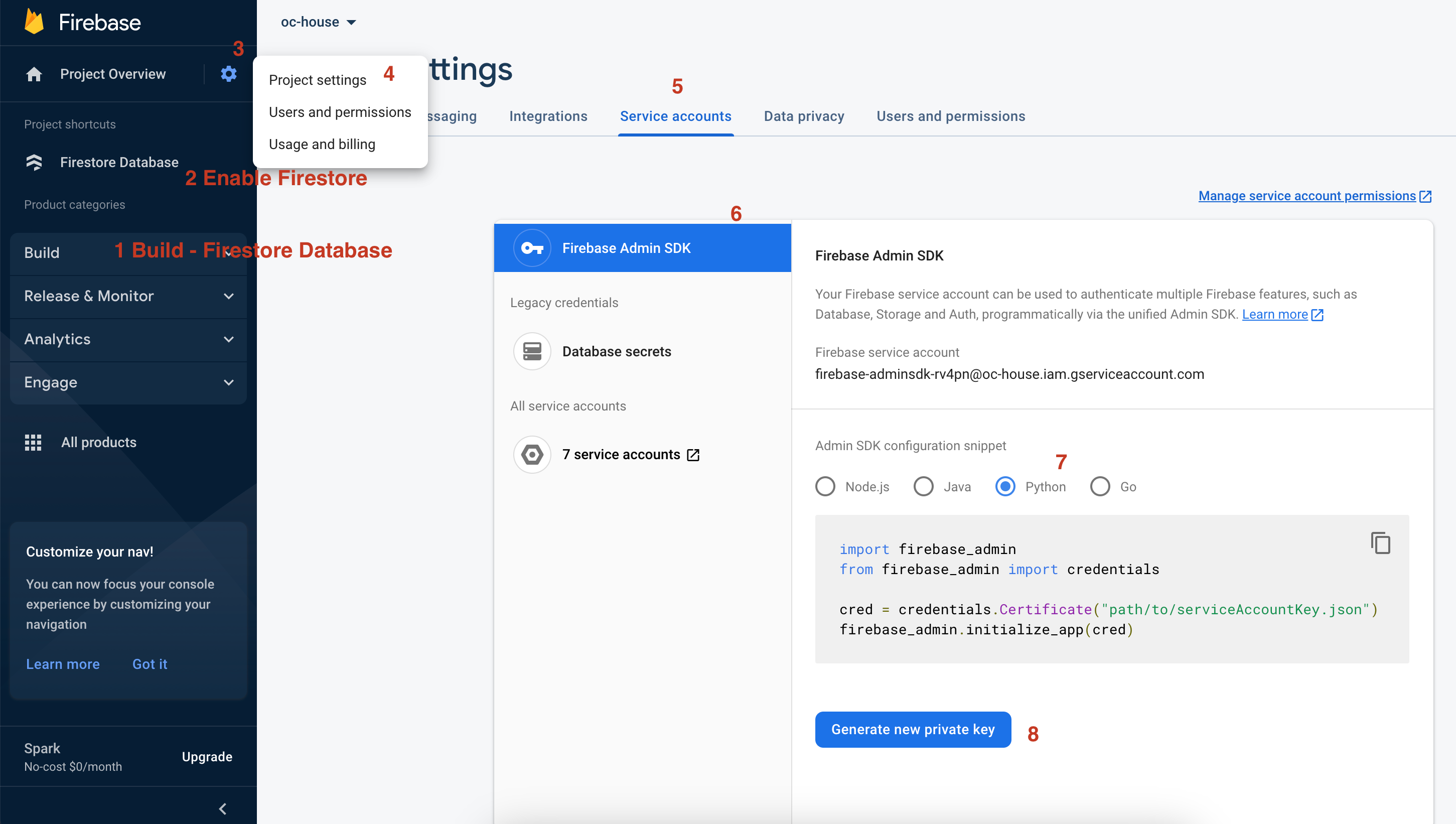 Project settings,Service AccountsTab, SelectFirebase Admin SDk, click onGenerate new private key. - Download json file, move it to the
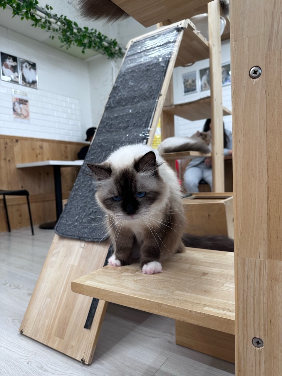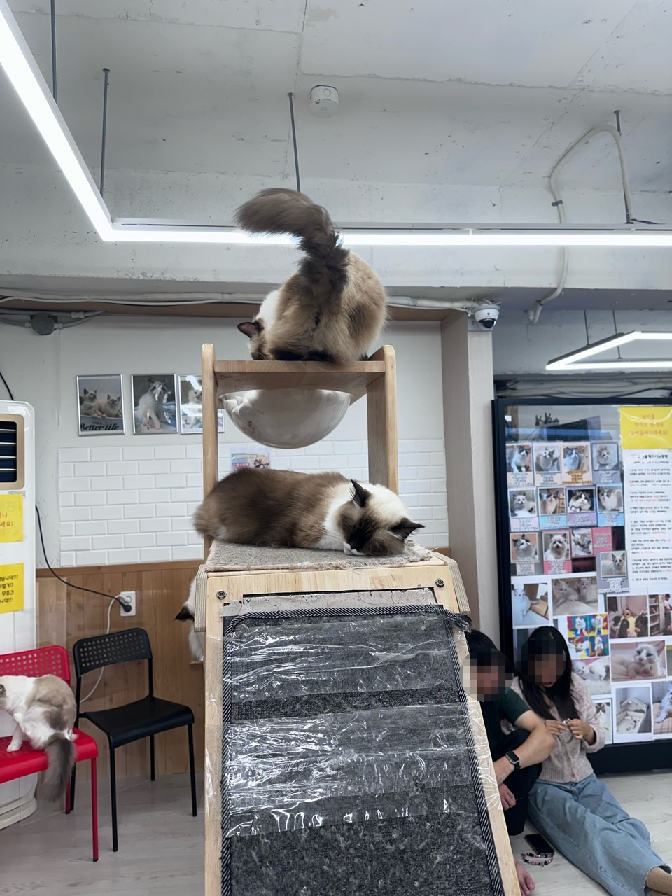 고양이 자체는 너무 귀여웠어요. 고양이를 좋아하시는 분들이라면 너무 좋을 것 같아요. 가격도 저렴했고 평일 시간대로 잘만 고른다면 조용하게 고양이를 보고 갈 수 있을 것 같아요. 주말엔 조금 피해주셔야 할 것 같네요. 그리고 어린아이에게는 맞지 않는 것 같습니다. 아이들이 통제가 잘 안되고 고양이가 마음대로 안되니 오히려 아이의 기분만 더 안 좋아지더라고요. 아예 키우든지 해야지 카페는 맞지 않는 걸로 해야겠네요.
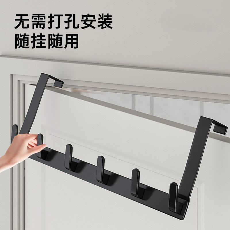 Over The Door Hook Rack Heavy Duty Wall Mounted Minimalist Design For Bedroom Dorm Storage With 5 Hooks Black
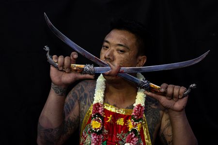 PHUKET, Thailand (Reuters) – Worshippers on Thailand’s Phuket island have celebrated a nine-day Taoist festival, with many piercing their faces with metal spikes and walking on hot coals to show devotion to deities.
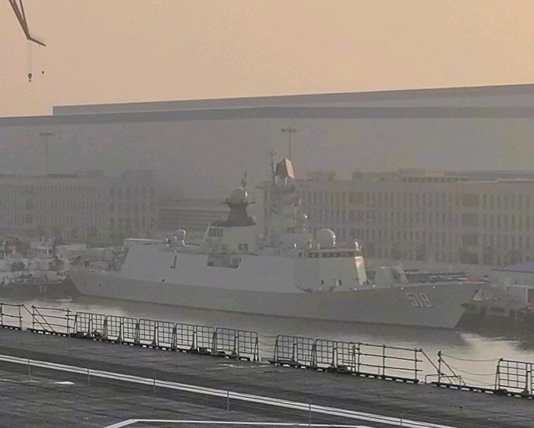 076首舰四川舰出航现场 不远处的新批次改进型054A 舷号519,恭喜哪个幸运儿?
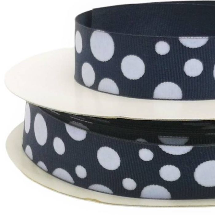 3 Rollos de Listón Popotillo Lunares Motitas Azul Marino con 25 mts c/u Ancho:24 mm Mod.HE139-A34
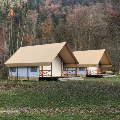 You will sleep in a tent at a camping site.
#####
> [WHAT THE TASK REQUIRES] Each line above should be written out again exactly, and no picture should appear in the copy.

> [RESULT OF THE EXERCISE]
 Project settings,Service AccountsTab, SelectFirebase Admin SDk, click onGenerate new private key. - Download json file, move it to the
 고양이 자체는 너무 귀여웠어요. 고양이를 좋아하시는 분들이라면 너무 좋을 것 같아요. 가격도 저렴했고 평일 시간대로 잘만 고른다면 조용하게 고양이를 보고 갈 수 있을 것 같아요. 주말엔 조금 피해주셔야 할 것 같네요. 그리고 어린아이에게는 맞지 않는 것 같습니다. 아이들이 통제가 잘 안되고 고양이가 마음대로 안되니 오히려 아이의 기분만 더 안 좋아지더라고요. 아예 키우든지 해야지 카페는 맞지 않는 걸로 해야겠네요.
 Over The Door Hook Rack Heavy Duty Wall Mounted Minimalist Design For Bedroom Dorm Storage With 5 Hooks Black
 PHUKET, Thailand (Reuters) – Worshippers on Thailand’s Phuket island have celebrated a nine-day Taoist festival, with many piercing their faces with metal spikes and walking on hot coals to show devotion to deities.
 076首舰四川舰出航现场 不远处的新批次改进型054A 舷号519,恭喜哪个幸运儿?
 3 Rollos de Listón Popotillo Lunares Motitas Azul Marino con 25 mts c/u Ancho:24 mm Mod.HE139-A34
 You will sleep in a tent at a camping site.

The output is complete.